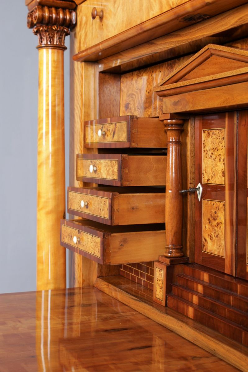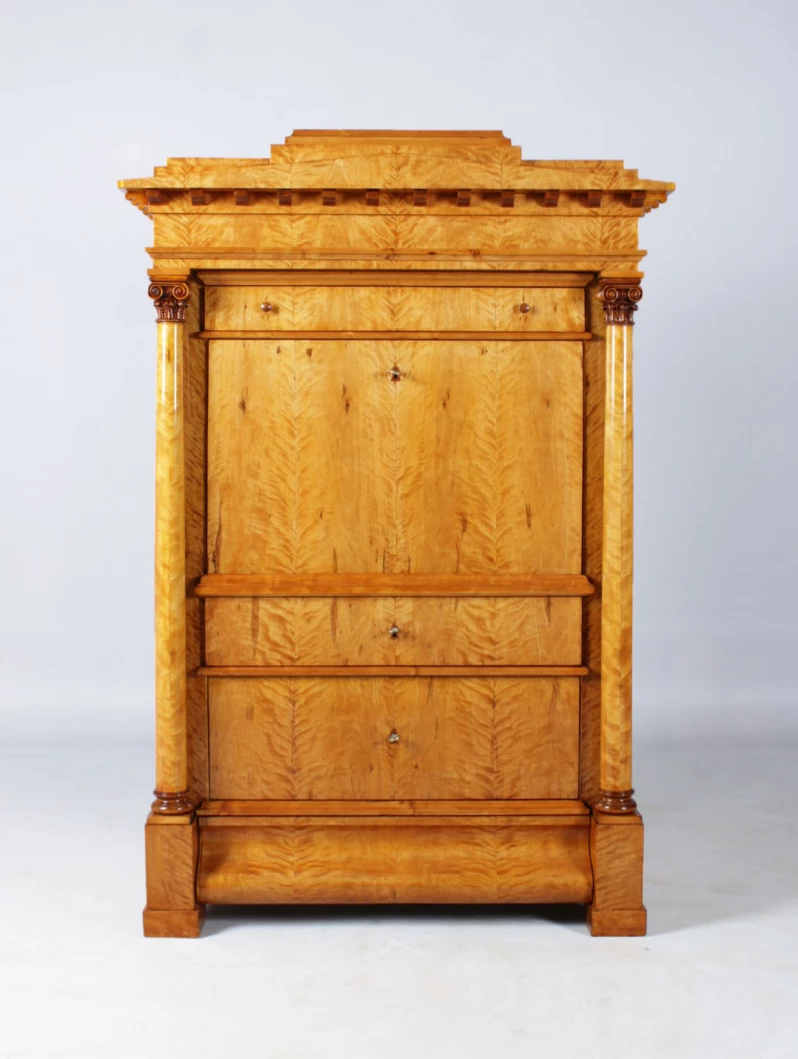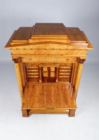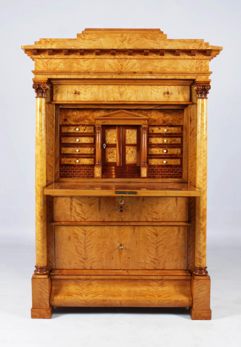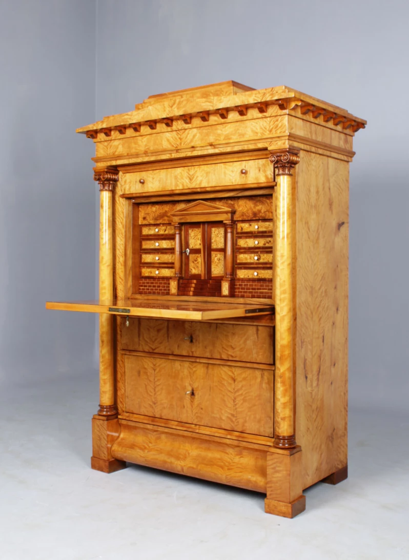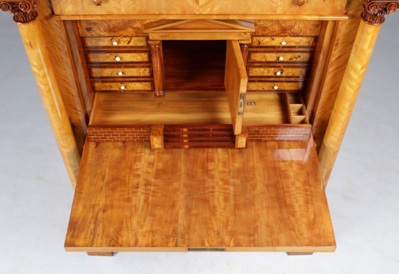 Magnifique secrétaire avec des colonnes massives et un intérieur de rêve. Le bois clair du bouleau à l'extérieur est discrètement contrasté par le prunier et le bouleau à l'intérieur. Les ferrures en forme de trou de serrure et les chapiteaux ioniques artistiquement conçus s'intègrent parfaitement à l'ensemble par leur couleur.
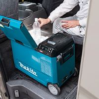 マキタの充電式工具に使う「40Vmax リチウムイオンバッテリ」または「18V リチウムイオンバッテリ」で稼働する、容量29Lの冷温庫。両側から開閉可能なドアと冷蔵/冷凍を同時にできる2部屋モードを備えています。
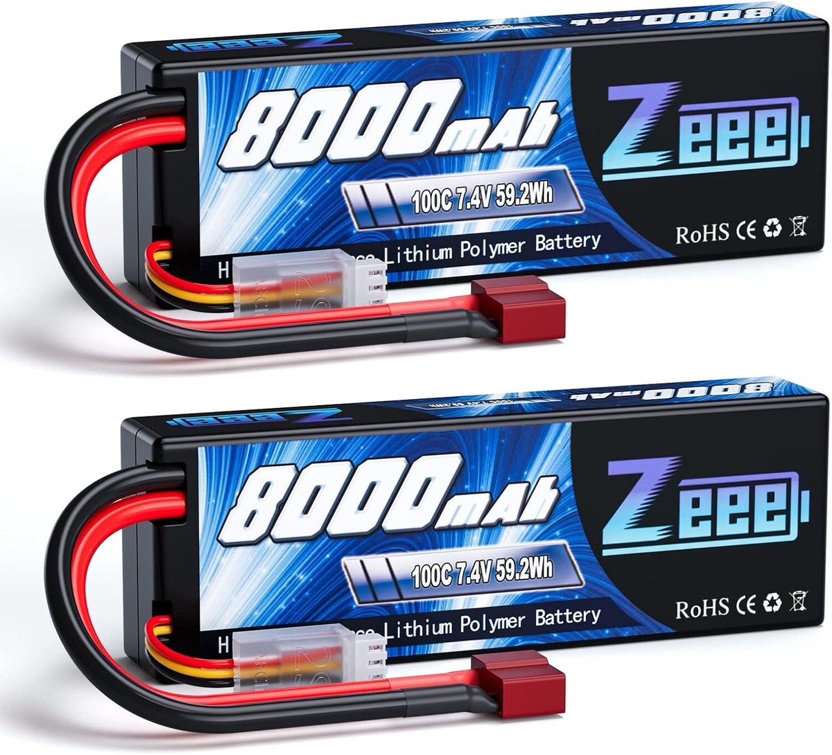 2S Lipo Battery 8000mAh 100C Hard Case with Deans T Plug for RC Car Truck Truggy Boat Helicopter2 Pack
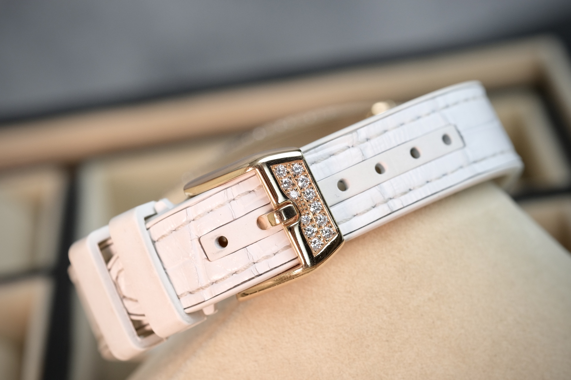 Very Like New อุปกรณ์ครบๆ กล่อง ใบ ปี2021 นาฬิกาสภาพสวยเดิม ไม่เคยปัด-ขัด ไร้ตำหนิหนัก กระจกสวยใสไร้ริ้วรอย กลไกทำงานสมบูรณ์แบบ สายแท้เดิม ตัวเรือน 18K Rose gold ฝังเพชร Original จากทาง Franck muller แต่ประหยัดไป 84% จากป้าย (List Price 2.5M ฿)
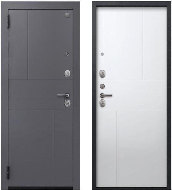 Два контура уплотнения с трехкамерным уплотнителем надежно защищают от сквозняков и посторонних запахов. Замки Sezam 103 и 102 в сочетании с эксцентриком (регулятором притвора), цилиндром (ключ-вертушка) и броненакладкой на цилиндр обеспечивают высокий уровень защиты от несанкционированного проникновения. Дополнительная ночная задвижка повышает безопасность, а раздельная ручка и глазок добавляют удобства в использовании. Противосъемные штыри и две петли обеспечивают дополнительную защиту от взлома.
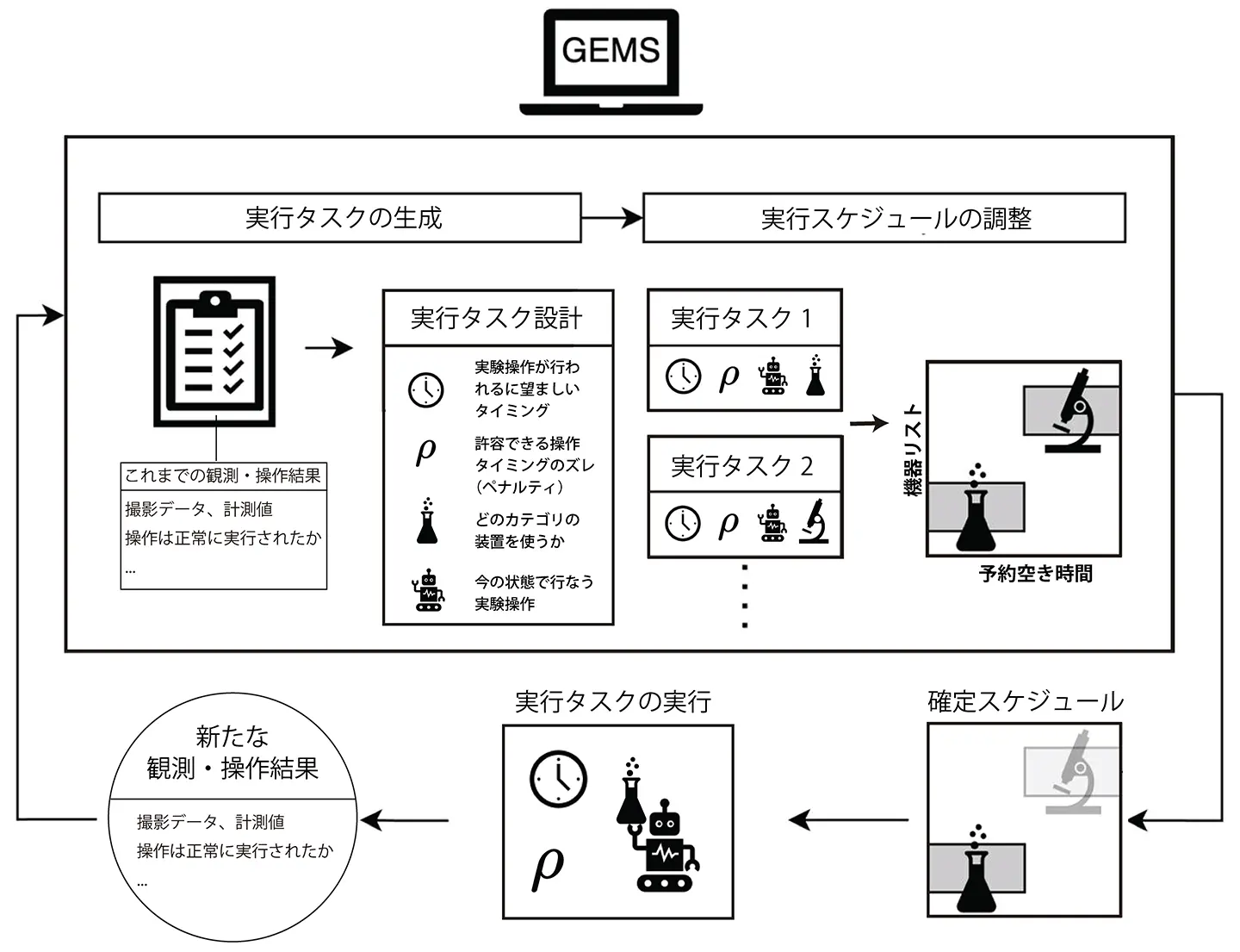 東京科学大学 総合研究院 難治疾患研究所 ロボット科学分野の神田元紀教授、理化学研究所(理研) 生命機能科学研究センター AI生物学研究チームの尾崎遼チームディレクター、筑波大学 ヒューマニクス学位プログラムの田原(新井)悠也大学院生(理研 生命機能科学研究センター AI生物学研究チーム研修生)らの共同研究グループは、実験科学において従来は自然言語で記述されてきた実験手順[用語1]を、「実験が進むとサンプルの状態[用語2]がどのように変化するか」という観点で整理し、実験中の観測・操作結果に応じて「今の状態で行う実験操作」と「次に遷移するサンプル状態」を自動的に選択しながら実験を自律運用するソフトウエア基盤「GEMS(General Experimental Management System)」を開発しました。
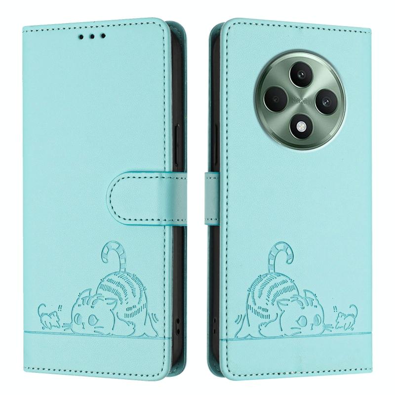 For OPPO Reno12 F Global Cat Rat Embossed Pattern RFID Leather Phone Case with Lanyard(Mint Green)
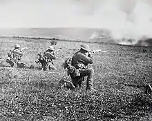 El 21 de marzo de 1918 el Ejército alemán lanzó su ofensiva de primavera en un último esfuerzo para ganar la guerra, enviando sesenta y tres divisiones a lo largo de más de 70 millas (112,65 km) por el frente.[88] Mientras los aliados retrocedían, las divisiones 3.ª y 4.ª fueron trasladadas al sur de Amiens en el Somme.[89] La ofensiva se prolongó durante los próximos cinco meses y las cinco Divisiones de la FIA en Francia estaban involucradas en el intento de detener la marea. A finales de mayo los alemanes habían avanzado hasta 50 millas (80,47 km) de París.[90] Durante este tiempo, los australianos lucharon en Dernacourt, Morlancourt, Villers-Bretonneux, Hangard Wood, Hazebrouck y Hamel.[91]
○ ○ ○ ○ ○ ○ ○
Nothing but the lines from the top of the data above through the line containing "Два контура уплотнения" should be output, exactly as written and without the pictures.

 Magnifique secrétaire avec des colonnes massives et un intérieur de rêve. Le bois clair du bouleau à l'extérieur est discrètement contrasté par le prunier et le bouleau à l'intérieur. Les ferrures en forme de trou de serrure et les chapiteaux ioniques artistiquement conçus s'intègrent parfaitement à l'ensemble par leur couleur.
 マキタの充電式工具に使う「40Vmax リチウムイオンバッテリ」または「18V リチウムイオンバッテリ」で稼働する、容量29Lの冷温庫。両側から開閉可能なドアと冷蔵/冷凍を同時にできる2部屋モードを備えています。
 2S Lipo Battery 8000mAh 100C Hard Case with Deans T Plug for RC Car Truck Truggy Boat Helicopter2 Pack
 Very Like New อุปกรณ์ครบๆ กล่อง ใบ ปี2021 นาฬิกาสภาพสวยเดิม ไม่เคยปัด-ขัด ไร้ตำหนิหนัก กระจกสวยใสไร้ริ้วรอย กลไกทำงานสมบูรณ์แบบ สายแท้เดิม ตัวเรือน 18K Rose gold ฝังเพชร Original จากทาง Franck muller แต่ประหยัดไป 84% จากป้าย (List Price 2.5M ฿)
 Два контура уплотнения с трехкамерным уплотнителем надежно защищают от сквозняков и посторонних запахов. Замки Sezam 103 и 102 в сочетании с эксцентриком (регулятором притвора), цилиндром (ключ-вертушка) и броненакладкой на цилиндр обеспечивают высокий уровень защиты от несанкционированного проникновения. Дополнительная ночная задвижка повышает безопасность, а раздельная ручка и глазок добавляют удобства в использовании. Противосъемные штыри и две петли обеспечивают дополнительную защиту от взлома.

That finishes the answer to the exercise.